First, you need to save the following configuration .yaml file in your system:

# my global config
global:
  scrape_interval: 15s # Set the scrape interval to every 15 seconds. Default is every 1 minute.
  evaluation_interval: 15s # Evaluate rules every 15 seconds. The default is every 1 minute.
  # scrape_timeout is set to the global default (10s).

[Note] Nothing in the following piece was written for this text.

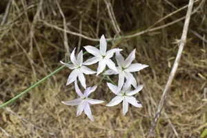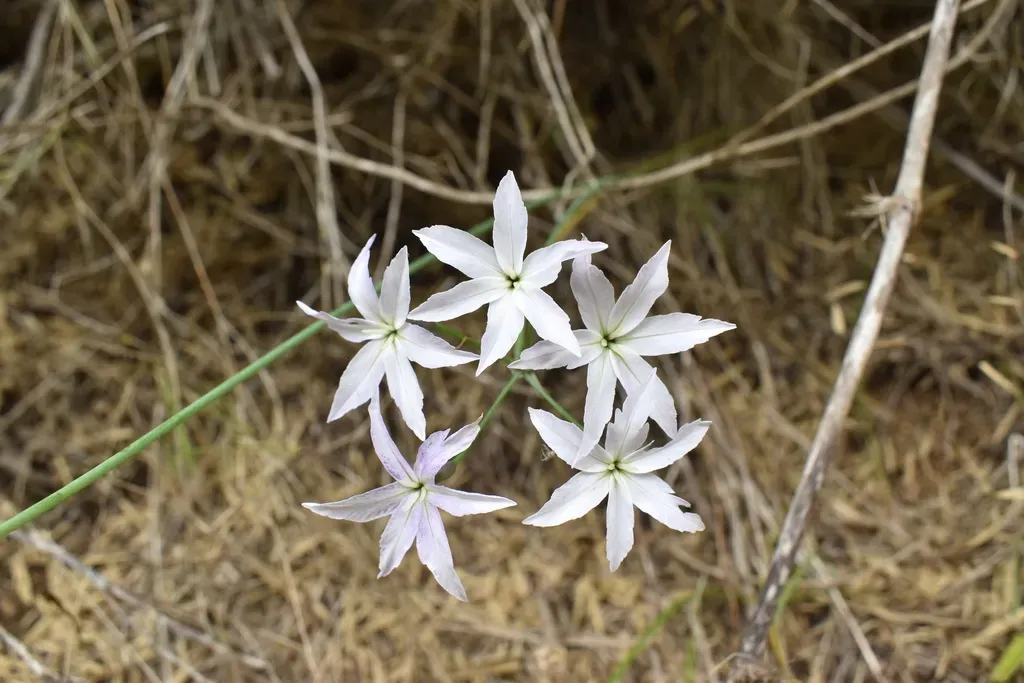Leucocoryne ixioides is a bulbous perennial plant native to central Chile, known for its delicate white star-shaped flowers with lilac purple tips.

# Alertmanager configuration
alerting:
  alertmanagers:
    - static_configs:
        - targets:
          # - alertmanager:9093

# Load rules once and periodically evaluate them according to the global 'evaluation_interval'.
rule_files:
  # - "first_rules.yml"
  # - "second_rules.yml"

# A scrape configuration containing exactly one endpoint to scrape:
# Here it's Prometheus itself.
scrape_configs:
  - job_name: "cratedb"
    metrics_path: '/api/v2/organizations/{{ORGID}}/metrics/prometheus/'
    basic_auth:
      username: '{{APIKEY}}'
      password: '{{SECRET}}'
    static_configs:
      - targets: ["console.cratedb.cloud"]

Substitute the ORGID with the ID of your organization. It can be found in the Settings page in the CrateDB Cloud Console:

Your API credentials can be found on the Account page. Make sure to store your API secret securely, as it’s shown only once when you create your API key.

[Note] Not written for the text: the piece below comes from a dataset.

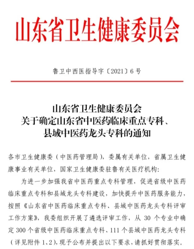近日,在山东省卫生健康委员会下发的《关于确定山东省中医药临床重点专科、县域中医药龙头专科的通知》中,淄博市中医医院儿科、肺病科、妇科、内分泌科、急诊科、脾胃病科、肾病科、临床药学、治未病科九个科室榜上有名,被评为山东省中医药临床重点专科。

Once you have added your Organization ID and API credentials, execute the following command to create a Prometheus instance:

docker run -d --name prometheus -v /Users/crate/prometheus.yml:/etc/prometheus/prometheus.yml -p 9090:9090 prom/prometheus

It’s important to use the full path to the .yml file in the docker run command

This will start the Prometheus instance exposed on port 9090 . You can verify it’s running correctly by visiting http://localhost:9090/ . On the Status -> Targets page in the top menu, you should see the following:

There should be an endpoint with your Organization ID with state UP . This means that Prometheus is able to connect to the API and is scraping the available metrics.

Available Metrics

Most metric semantics are self-explanatory. This list is not exhaustive, and new metrics can be added at any point in the future. All metrics are per node.

Metric	Type	Description
container_cpu_usage_seconds_total	Counter	CrateDB CPU usage, in seconds.
container_fs_reads_bytes_total	Counter	Number of bytes read per disk
container_fs_writes_bytes_total	Counter	Number of bytes written per disk
container_memory_usage_bytes	Gauge	Memory usage
container_network_receive_bytes_total	Counter	Network ingress traffic
container_network_transmit_bytes_total	Counter	Network egress traffic
crate_circuitbreakers	Gauge	Circuit breaker stats for crate per breaker
crate_cluster_state_version	Gauge	Info about the cluster’s state
crate_connections	Gauge	Number of connections per protocol
crate_node	Gauge	Shard statistics
crate_query_failed_count	Counter	Number of failed queries per type (i.e. Insert/Select/Update/…)
crate_query_sum_of_durations_millis	Counter	Sum of the durations of all queries per query type
crate_query_total_count	Counter	Total number of queries per type
crate_ready	Gauge	An indicator if this CrateDB node is up-and-running
crate_threadpools	Gauge	Thread pool statistics, per pool
jvm_*	Gauge	Various JVM statistics

Grafana

Grafana doesn’t need any special configuration. You can run it either in a Docker container or as a local installation, it doesn’t matter for this use case. Follow the Grafana documentation and use your preferred method.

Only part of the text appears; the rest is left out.